To accomplish this, they must first identify the location of what is left to recover.
This effort can be especially challenging when dealing with unconventional reservoirs, where hydraulic fracturing and commingled production from differing horizons/formations are often the norm.
Enter “oil fingerprinting,” where geochemical differences between oil samples produced from different formations or zones can be used as natural tracers to quantify the contribution of each reservoir to a commingled production stream, explained AAPG member Mark McCaffrey, geoscience manager of interpretive services at Weatherford Laboratories in Dallas.
“The average black oil has more than 100,000 different compounds, and we measure about a thousand of them,” McCaffrey said. “Two different oils could be 99-percent similar in composition and still have 50 differences, so you can easily tell one oil from another – it’s like a fingerprint.”
This low cost oil “fingerprinting” method has long been used to geochemically allocate commingled production from conventional reservoirs.
It also has key applications for unconventional reservoir development.
Characterizing fracture height, for example, is a big deal.
An operator can determine if hydraulically-induced fractures have propagated out of the formation containing a lateral wellbore and into an overlying or underlying pay zone, resulting in commingling of oil produced from different reservoirs. In other words, determine if the fracture(s) outgrew its anticipated length.
Oil fingerprinting enables the operator to define what percentage of production is being sourced from each zone contacted by the induced fractures. This information, in turn, impacts the strategy for developing each of the horizons in the prospect.
In some instances, this quantitative allocation of individual pay zones to the commingled production stream is needed for royalty/tax calculations.
Then there’s the issue of identifying “cross-talk,” where induced fracture networks from separate wells completed in adjacent formations hook up with each other. This can occur when one well is drilled nearby another with each completed in a different formation, based on the belief that the fractures in the second well won’t be long enough to tie in with the fractures from the first.

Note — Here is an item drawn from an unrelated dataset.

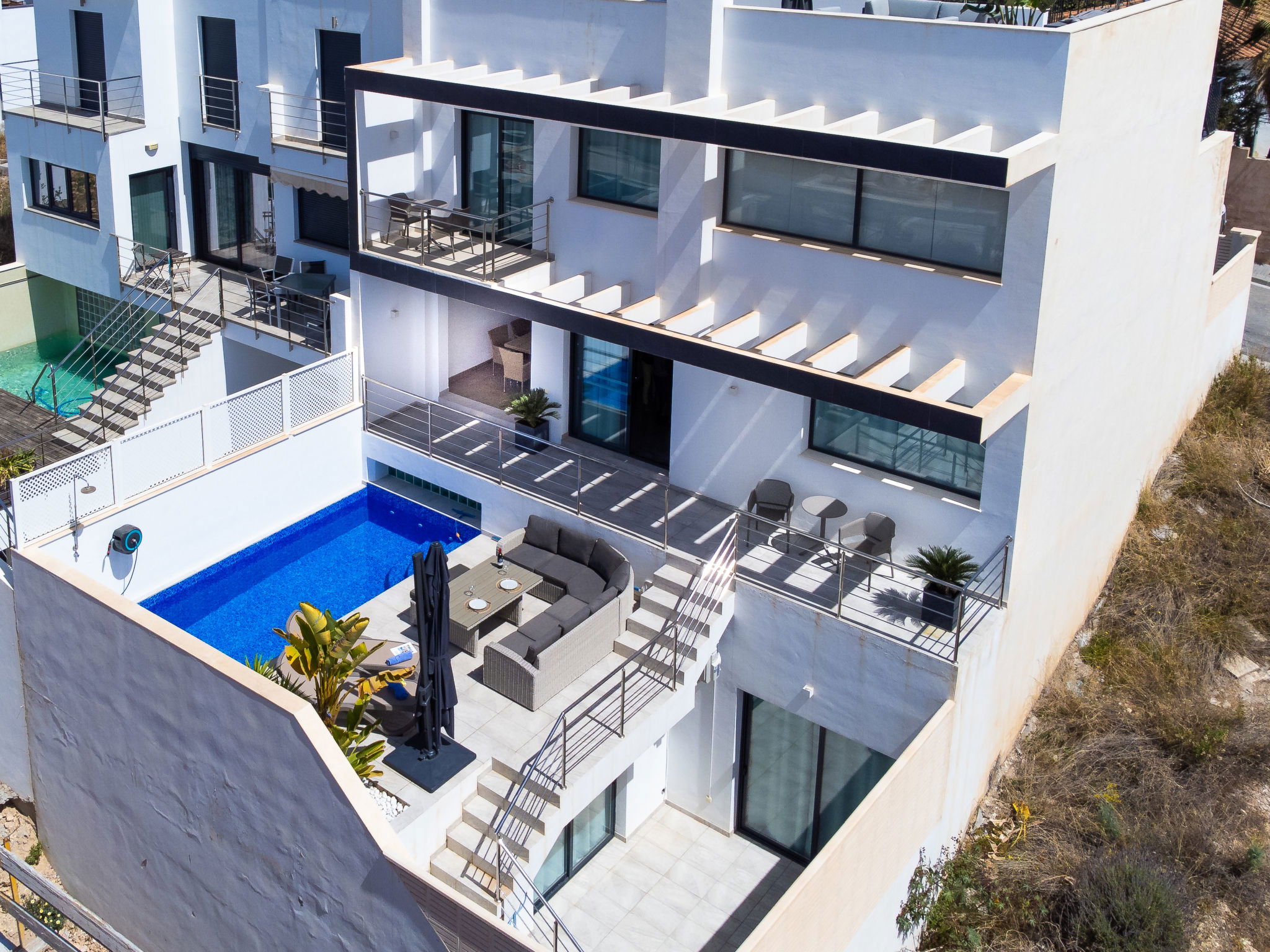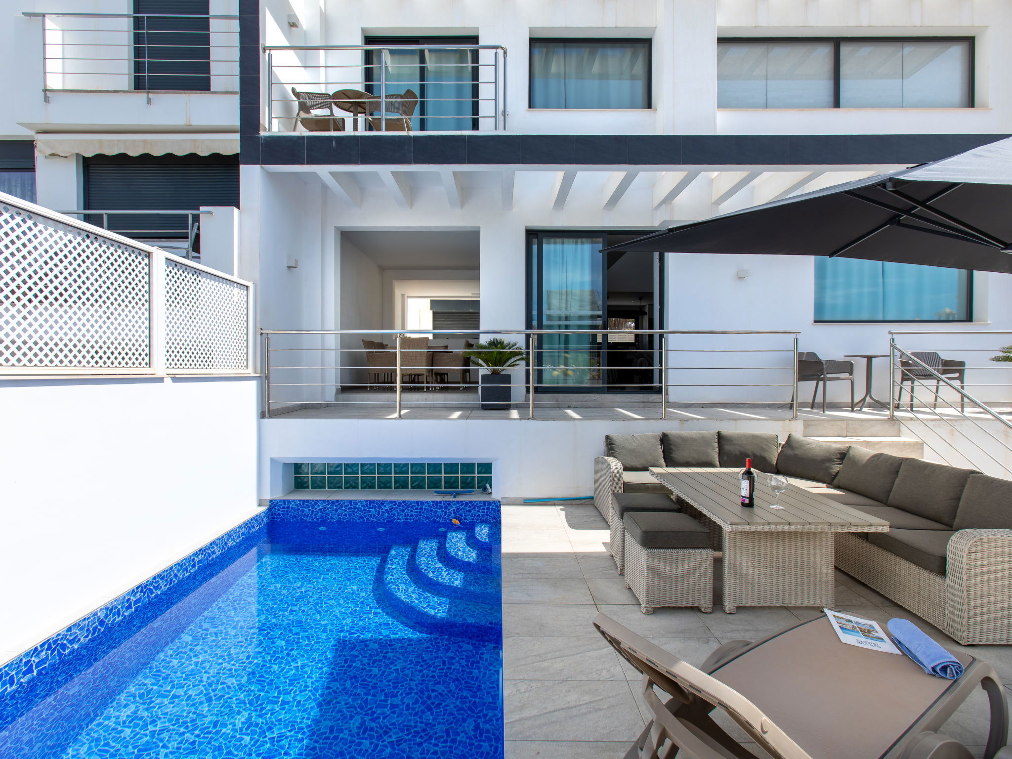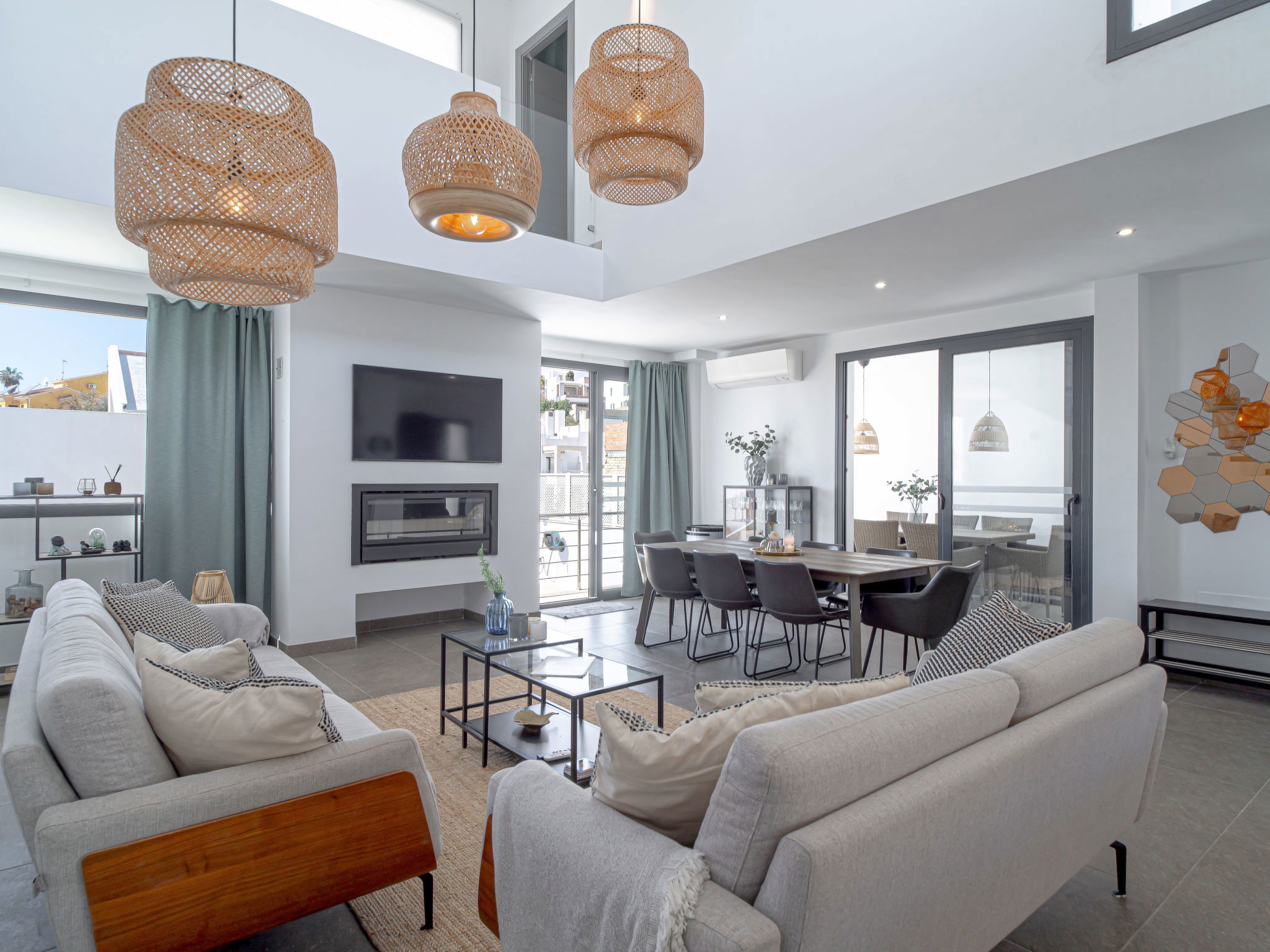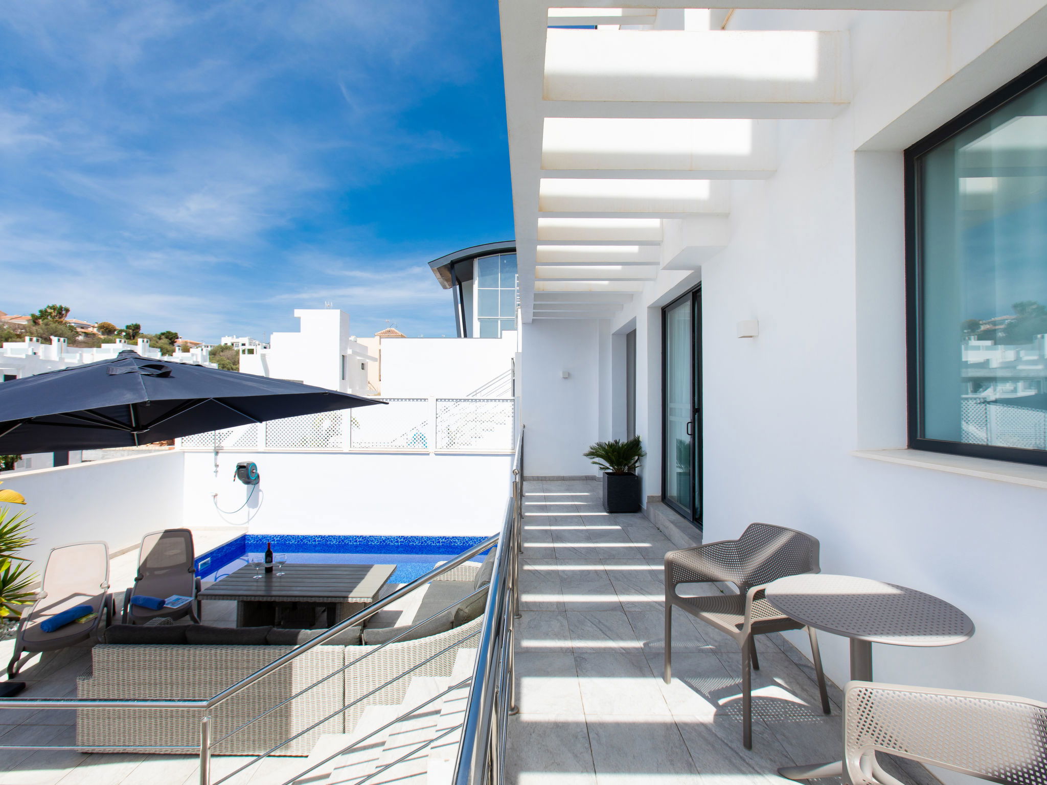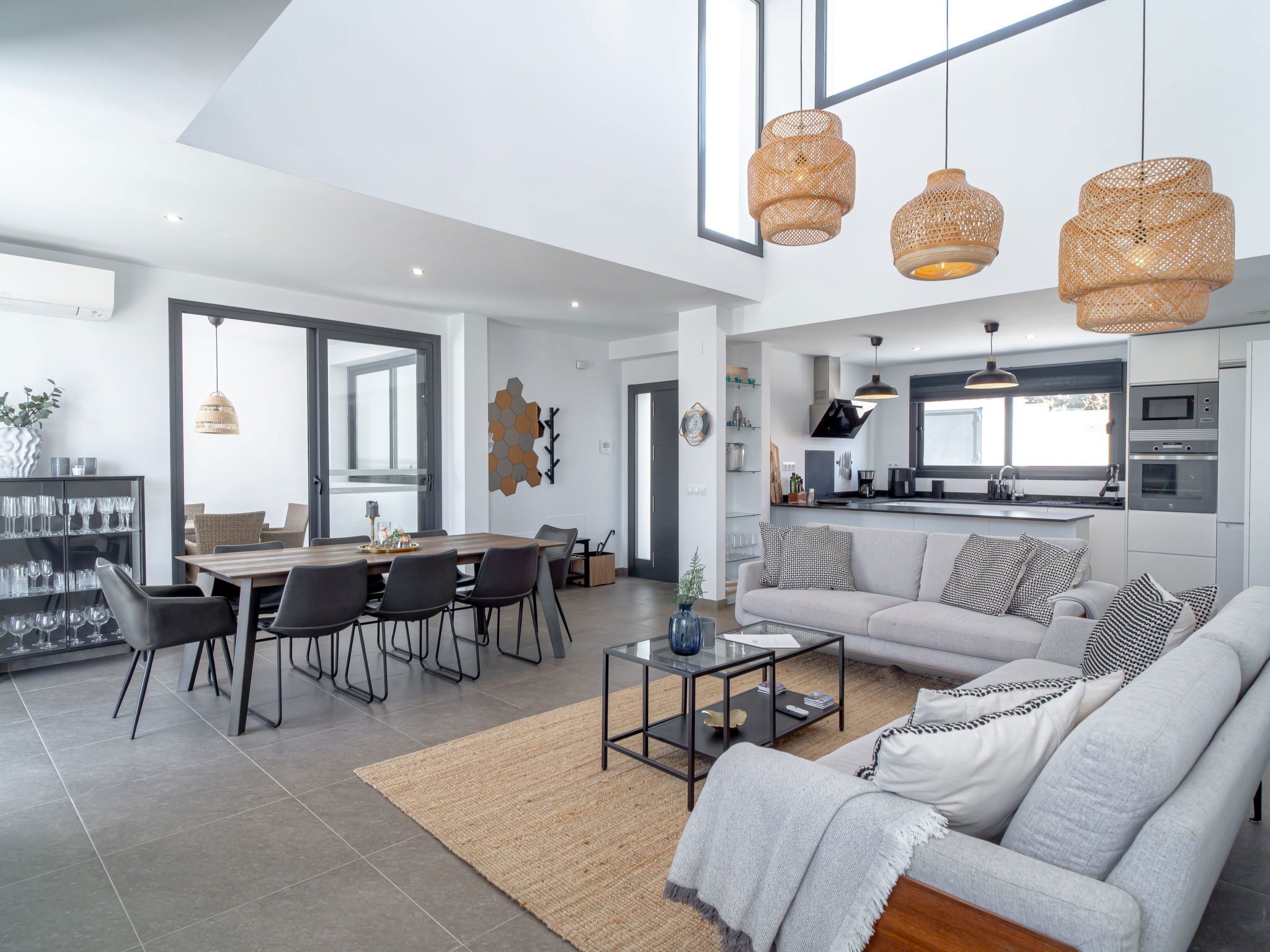 "Aldea", 5-room villa 120 m2. Spacious and bright, comfortable furnishings: living/dining room with TV, international TV channels, air conditioning and forced-air heating. Open kitchen (oven, dishwasher, 3 induction hot plates, toaster, kettle, microwave, freezer, electric coffee machine). Sep. WC. On the lower ground floor: 1 room with 2 beds (90 cm, length 200 cm), air conditioning and forced-air heating. 1 room with 1 french bed (180 cm, length 200 cm), air conditioning and forced-air heating. Exit to the terrace, to the swimming pool. Lounge with air conditioning and forced-air heating. Exit to the terrace, to the swimming pool. 1 room with 2 beds (90 cm, length 200 cm), air conditioning and forced-air heating. 2 baths/WC. Upper floor: 1 room with 1 french bed (180 cm, length 200 cm), shower/WC. Exit to the terrace. 2 large terraces. Terrace furniture, barbecue, deck chairs. Side view of the sea and the resort. Facilities: washing machine, iron, children's high chair, baby cot, hair dryer. Internet (WiFi, free). The Television is Smart , Private pool can be heated, costs 20 euros per day to warm up. VUT/MA50852 // Reg. Nr.: ESFCTU00002901300101534300000000000000000VUT/MA508528
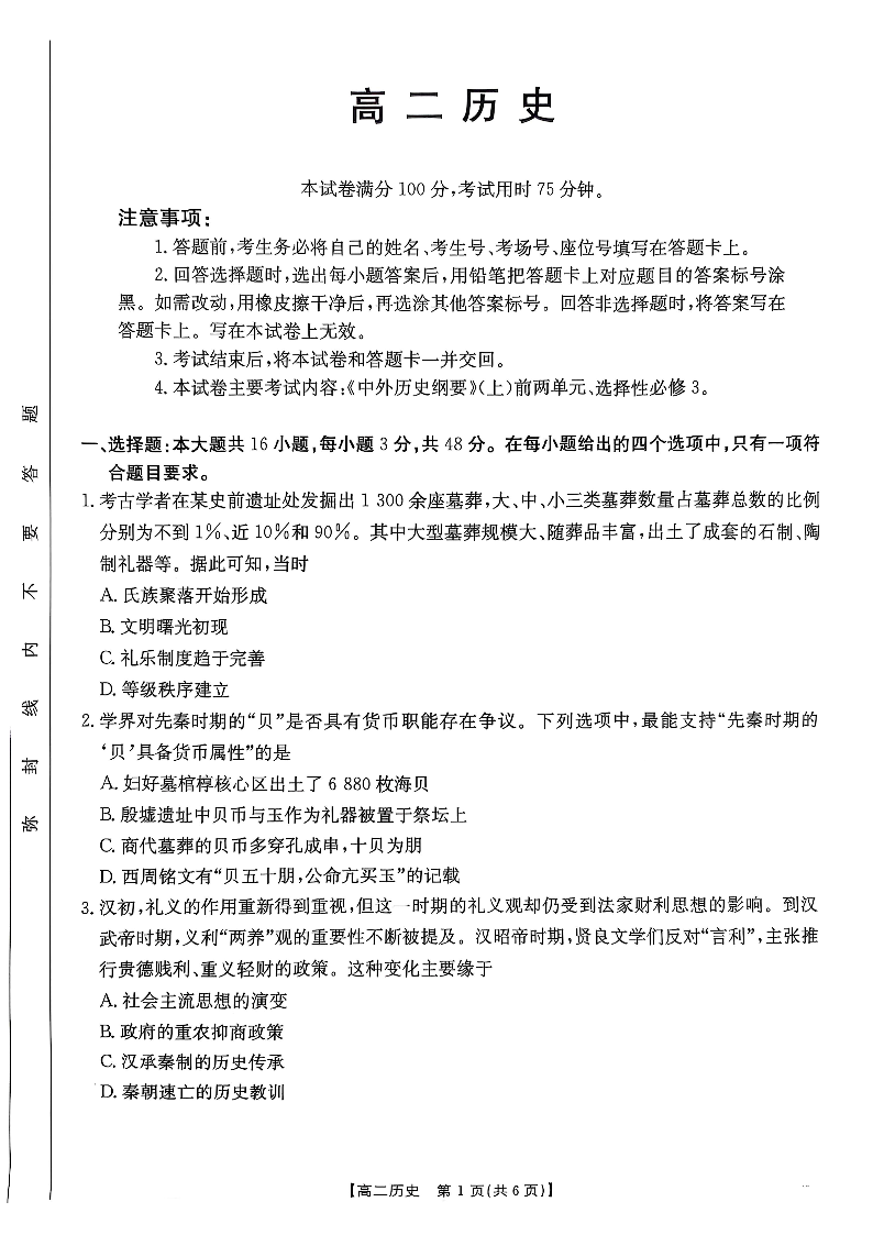 广东省佛山市H7联盟校2024-2025学年下学期5月高二月考历史+答案

The geochemistry of the oils produced from the two wells will indicate if “cross-talk” is occurring.
So, you ask, if you don’t want to deal with unanticipated occurrences like fracture system hookups and such, why not just space the wells a bit farther apart?
This may sound like a no-brainer, but there are other considerations that go into that decision.
For starters, operators like to drill wells close together for a number of reasons, both practical and financial.
Then there’s the likely fallout from retracting an announced plan to drill, say, 500 wells in a certain play over the course of the coming year. Suddenly declaring that the plan has been scaled back by half would have repercussions best avoided.
Oil fingerprinting can be used to decide if increased spacing is truly needed.
How It’s Done
Overall, oil fingerprinting follows a somewhat simple blueprint.
The procedure begins with dead oil samples collected at the earth’s surface using glass jars with Teflon-lined lids. The dead oil is evaluated using high-resolution gas chromatography (HRGC) to determine the abundance of the different compounds. Between 200 and 250 natural tracers are typically identified during an oil fingerprinting project, said McCaffrey.
“A key challenge in each project is the need to have a sample of oil that is certain to come from each zone,” he said. “These single zone pure oils are called end-member samples, and there are some great strategies the operator can use to collect these samples, which we use to calibrate each project.
“The relative contribution of each end-member oil sample to a commingled sample is calculated using a linear-algebra solution of simultaneous equations, where the number of equations equals the number of natural tracers,” he noted. “The accuracy of an allocation estimate is very high.”
He emphasized also that geochemical production allocation is dramatically less expensive than production logging and can be used in situations where production logging cannot be applied. For example, it can’t be used to assess the fracture height given that the logging tool cannot traverse upward through the fracture.
The relative low cost for the geochemical methodology allows field engineers to monitor output frequently over lengthy time periods. This enables the operator to stay on top of the individual zones’ changing contribution to the production stream.